Tuesday, 17 May 2016

Using Codebugs at Rufford Primary School

In the past on February 3rd 2016 I wrote about visiting BETT and seeing “codebugs”, a small device that can have programs downloaded onto it. In case you want to read more the relevant URL is www.codebug.org.uk

This little device is proving very successful at KS2. The programming tool is accessed on their website; this appears to be more reliably accessed on Chrome but is usually OK on Internet Explorer. New programming blocks are being added all the time which encourages children to explore.
I am not using this tool to introduce the programming requirements of the Computing curriculum; I prefer to use Scratch, Scratch Jr and a variety of other apps and websites for this. What is really exciting to observe is how easily knowledge previously gained is used in the Codebug environment. The commands in the IF and LOOPS folders are readily applied and any different terminology used creates opportunities for discussion.
The programming tool uses an emulator to test programs before downloading them onto the device. This has been a very successful medium to identify the testing process and separate it from the execution phase. Children find it exciting to use the emulator but excitement reaches a new level when they use the device.
Like most teachers I have very few original ideas but I excel in adapting those made available by other people. My lessons, depending on year group, prior programming experience and time, usually follow these ideas:
  • Drawing sequences of characters and designed sprites on the 5x5 LED matrix, using WAIT to allow them all to be viewed
  • Scrolling a string on the screen
  • Looping, either a set number of times or while a condition is TRUE
  • Incorporating inputs from the 2 buttons and using sleep to delay the start
  • Making choices depending on which button is pressed
  • Downloading onto the device
I then use a couple of ideas from the Codebug website:
  • Does this object conduct electricity?
  • Making a steady hand game
I don’t have any of the hardware add ons for the device. However, I have added the colourtail in the emulator and programmed that. This was very successful in revisiting variables and using them to create light patterns. I hope to try using sound soon if I can find some headphones!

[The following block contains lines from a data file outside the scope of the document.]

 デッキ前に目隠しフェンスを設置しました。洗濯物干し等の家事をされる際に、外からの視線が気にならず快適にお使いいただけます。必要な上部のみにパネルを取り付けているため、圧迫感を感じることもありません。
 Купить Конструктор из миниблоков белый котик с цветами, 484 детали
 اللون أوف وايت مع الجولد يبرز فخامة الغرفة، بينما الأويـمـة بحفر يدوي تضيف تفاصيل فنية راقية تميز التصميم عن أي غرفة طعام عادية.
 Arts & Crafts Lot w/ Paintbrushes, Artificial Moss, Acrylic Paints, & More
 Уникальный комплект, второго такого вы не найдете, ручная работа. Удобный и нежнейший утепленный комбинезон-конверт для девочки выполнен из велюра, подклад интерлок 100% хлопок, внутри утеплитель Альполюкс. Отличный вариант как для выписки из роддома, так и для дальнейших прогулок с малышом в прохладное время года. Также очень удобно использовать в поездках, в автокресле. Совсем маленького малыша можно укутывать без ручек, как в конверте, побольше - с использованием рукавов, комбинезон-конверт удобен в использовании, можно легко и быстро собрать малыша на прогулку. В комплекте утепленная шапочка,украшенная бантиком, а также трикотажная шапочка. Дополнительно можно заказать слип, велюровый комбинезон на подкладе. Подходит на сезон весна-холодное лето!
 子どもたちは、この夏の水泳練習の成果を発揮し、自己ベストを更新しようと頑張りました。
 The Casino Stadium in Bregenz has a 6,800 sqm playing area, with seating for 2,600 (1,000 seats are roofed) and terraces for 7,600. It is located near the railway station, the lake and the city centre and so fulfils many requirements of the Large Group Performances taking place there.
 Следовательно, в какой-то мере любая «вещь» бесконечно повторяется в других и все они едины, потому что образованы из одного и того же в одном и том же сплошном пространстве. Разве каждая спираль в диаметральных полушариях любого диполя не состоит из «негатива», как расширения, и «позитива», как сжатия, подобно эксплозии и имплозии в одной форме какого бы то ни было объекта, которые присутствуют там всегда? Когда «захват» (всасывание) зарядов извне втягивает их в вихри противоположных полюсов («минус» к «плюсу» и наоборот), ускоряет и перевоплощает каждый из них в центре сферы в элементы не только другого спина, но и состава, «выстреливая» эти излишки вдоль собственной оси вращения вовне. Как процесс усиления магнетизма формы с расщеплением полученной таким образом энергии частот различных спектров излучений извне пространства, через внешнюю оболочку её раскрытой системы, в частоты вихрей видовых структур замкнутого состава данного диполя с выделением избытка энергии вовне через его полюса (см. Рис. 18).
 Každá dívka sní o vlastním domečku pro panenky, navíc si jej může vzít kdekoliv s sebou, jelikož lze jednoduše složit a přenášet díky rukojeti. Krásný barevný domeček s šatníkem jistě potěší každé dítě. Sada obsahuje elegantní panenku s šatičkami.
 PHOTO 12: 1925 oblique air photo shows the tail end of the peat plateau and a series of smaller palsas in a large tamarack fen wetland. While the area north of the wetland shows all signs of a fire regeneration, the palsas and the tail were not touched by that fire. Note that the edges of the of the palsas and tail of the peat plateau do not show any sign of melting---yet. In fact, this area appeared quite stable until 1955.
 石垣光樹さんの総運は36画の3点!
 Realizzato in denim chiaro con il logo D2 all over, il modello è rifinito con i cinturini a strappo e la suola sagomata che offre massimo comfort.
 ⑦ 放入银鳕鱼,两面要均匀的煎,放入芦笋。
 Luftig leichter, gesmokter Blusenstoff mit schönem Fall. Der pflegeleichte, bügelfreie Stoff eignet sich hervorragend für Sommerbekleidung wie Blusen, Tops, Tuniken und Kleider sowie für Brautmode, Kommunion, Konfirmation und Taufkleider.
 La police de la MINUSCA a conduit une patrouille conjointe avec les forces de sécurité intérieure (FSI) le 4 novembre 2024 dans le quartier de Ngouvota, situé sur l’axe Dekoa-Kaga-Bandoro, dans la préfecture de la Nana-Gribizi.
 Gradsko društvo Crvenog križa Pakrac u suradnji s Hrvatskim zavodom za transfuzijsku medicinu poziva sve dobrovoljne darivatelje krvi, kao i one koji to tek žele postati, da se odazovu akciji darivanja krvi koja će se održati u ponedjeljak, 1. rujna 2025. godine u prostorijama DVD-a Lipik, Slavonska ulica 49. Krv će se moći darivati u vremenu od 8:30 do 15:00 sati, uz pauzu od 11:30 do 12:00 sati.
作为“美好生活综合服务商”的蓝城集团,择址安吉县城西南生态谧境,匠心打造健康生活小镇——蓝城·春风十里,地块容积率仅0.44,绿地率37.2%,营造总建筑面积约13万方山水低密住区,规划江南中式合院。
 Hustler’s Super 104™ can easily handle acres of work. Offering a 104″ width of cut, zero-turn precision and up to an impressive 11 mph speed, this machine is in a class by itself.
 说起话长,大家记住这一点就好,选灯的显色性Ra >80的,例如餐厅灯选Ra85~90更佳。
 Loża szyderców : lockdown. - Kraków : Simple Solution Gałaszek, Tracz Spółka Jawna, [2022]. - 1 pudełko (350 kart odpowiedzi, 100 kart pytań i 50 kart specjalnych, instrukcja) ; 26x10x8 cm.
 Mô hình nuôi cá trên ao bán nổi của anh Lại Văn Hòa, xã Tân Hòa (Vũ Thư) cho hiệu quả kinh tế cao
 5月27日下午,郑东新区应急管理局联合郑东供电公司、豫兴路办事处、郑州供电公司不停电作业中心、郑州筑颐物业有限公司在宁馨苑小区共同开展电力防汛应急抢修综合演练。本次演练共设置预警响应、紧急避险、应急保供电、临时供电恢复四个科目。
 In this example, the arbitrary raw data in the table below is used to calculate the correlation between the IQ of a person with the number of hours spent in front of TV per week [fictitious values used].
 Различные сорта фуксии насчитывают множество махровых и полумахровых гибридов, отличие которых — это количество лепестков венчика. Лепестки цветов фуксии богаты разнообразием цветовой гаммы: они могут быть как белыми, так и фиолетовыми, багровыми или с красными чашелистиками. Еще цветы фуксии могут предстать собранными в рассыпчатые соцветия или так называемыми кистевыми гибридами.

I have experienced some problems using the programming tool when numbers become detached from blocks and can’t be reinserted. Children currently have to bin the whole block and replace it.
I’m prepared to forgive the shortfalls of the device in being used on battery power rather than connected to the computer because they are really appealing and cost effective, although I have to share devices which is a little inconvenient.
If you haven’t tried using this little device that give it a go. They are very favourably received by children, opportunities for the application of knowledge previously acquired is a real strength of the device.